Wednesday, January 30, 2013

Tim Parks - Editorial Gripes



In two recent articles in the New York Review of Books, “Learning to Speak American” and "In Praise of the Language Police,” Tim Parks, eminent translator of books from Italian into English,  raises all sorts of interesting issues about editing,  translation, and regional differences in word usage. One example among many: he notes that the individual editing his forthcoming book about trains suggests he change the word “carriage” to “coach”—ninety-eight times!

A reader responds that in the U.S. a coach is something pulled by a horse; the appropriate word substitution would be “car.” And so it goes.  

In some cases the editor appears to be right. There’s no harm in swapping kilometers for miles. Failure to do so would interrupt the flow of Parks’s book time and again, as the reader pauses to consider, Now let me see, 14 kilometers times .61 would be …

My favorite among Parks’s quibbles is this.

Does the position of “also” really need to be moved in front of the verb ‘to be’ in sentences like ‘Trains also were useful during the 1908 earthquake in Catania,’ when to me it looked much better after it?”

I have edited more than a few books myself—not on the vaunted plane across which Parks moves, perhaps—and am repeatedly amazed to come upon the “also” before the verb. Nobody talks like that; I’m wondering how that usage came to be considered mandatory in written prose.

Though Parks doesn’t mention it, I number the excessive use of “as well” among my own pet peeves. It sometimes seems that a sentence has been awkwardly rearranged for no other reason but to facilitate the inclusion of that unctuous expression. Perhaps we should come down off our high horses and give in to an occasional “too”?

But that’s a long-standing quibble. My recent gripe is against the excessive use of “multiple,” when it would have been easier and better to say “many.”  I visited that theater multiple times!?  Bad. Bad. Bad.

The readers' comments to these two pieces are a seminar in themselves, bringing out nuances of language and reading tastes that Parks himself hardly considers or doesn’t seem to know about. 

For example, many readers are agreed that one of the pleasures in reading books from foreign countries derives from the oddity of the regional expressions involved. Why remove them?  

Others suggest that such culture-translation is the price the foreign author pays to tap into the lucrative American market.
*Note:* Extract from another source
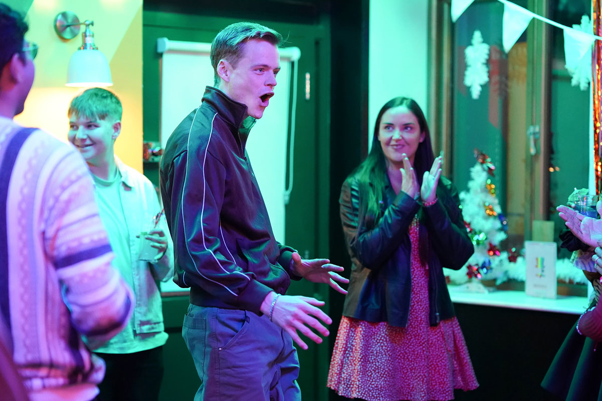 The following day, as Phil and Julie (Karen Henthorn) head to The Arches to begin recording Nigel’s ‘Santa Claws’ film, Sam puts her new plan into action.
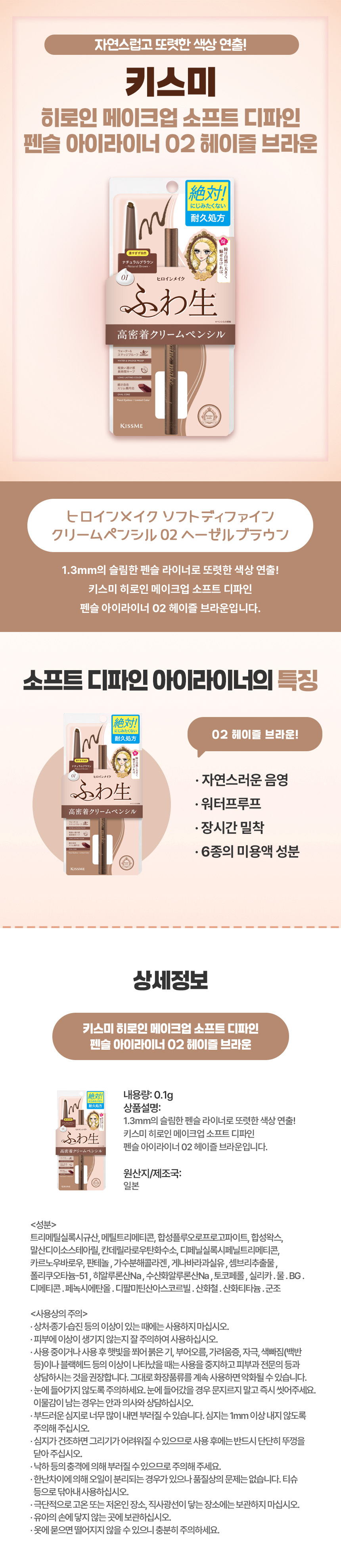 따뜻한 감각적 눈매엔, 일본 직구 키스미 히로인 메이크업 소프트 디파인 펜슬 아이라이너 02 헤이즐 브라운

 Here is one of the more comprehensive reader comments:
Personally, as a writer, I despise editors and accuse them variously of:
1. having no true feeling for prose or the importance of an author's voice,
2. merely substituting their preferences for mine (mine are doubtless better informed and result in superior writing),
3. being corporate flunkies willing to obey any order from above to keep their jobs or further their careers, and
4. being envious, wannabe writers.
As an editor, however, I despise writers because:
1. they think some higher talent or mission excuses them from studying grammar and usage, 
2. they fail to recognize my ability to spot difficulties they have overlooked, because they fail to recognize that while they know what they have in mind, readers don't, 
3. they view themselves as artists but think of me as a low-level technician serving corporate interests, and
4. they are envious of anyone who has a real job and a regular paycheck.
The list is funny and touches on some good points, though I have no sympathy for the animosity involved—perhaps it’s being delivered tongue in cheek. Parks, I think, would agree. Well along in his first essay, he writes, “On sending in my observations on the proofs, my commissioning editor turns out to be more than ready to negotiate.” Well, that’s how it ought to be. 

By the way, Parks’s translation of Roberto Calasso’s The Marriage of Cadmus and Harmony is among my all-time favorite books, and I also enjoyed his early memoir An Italian Education. On the other hand,  A Season in Verona, in which he joins his twin loves of soccer and regional slang, is perhaps too much of a good thing?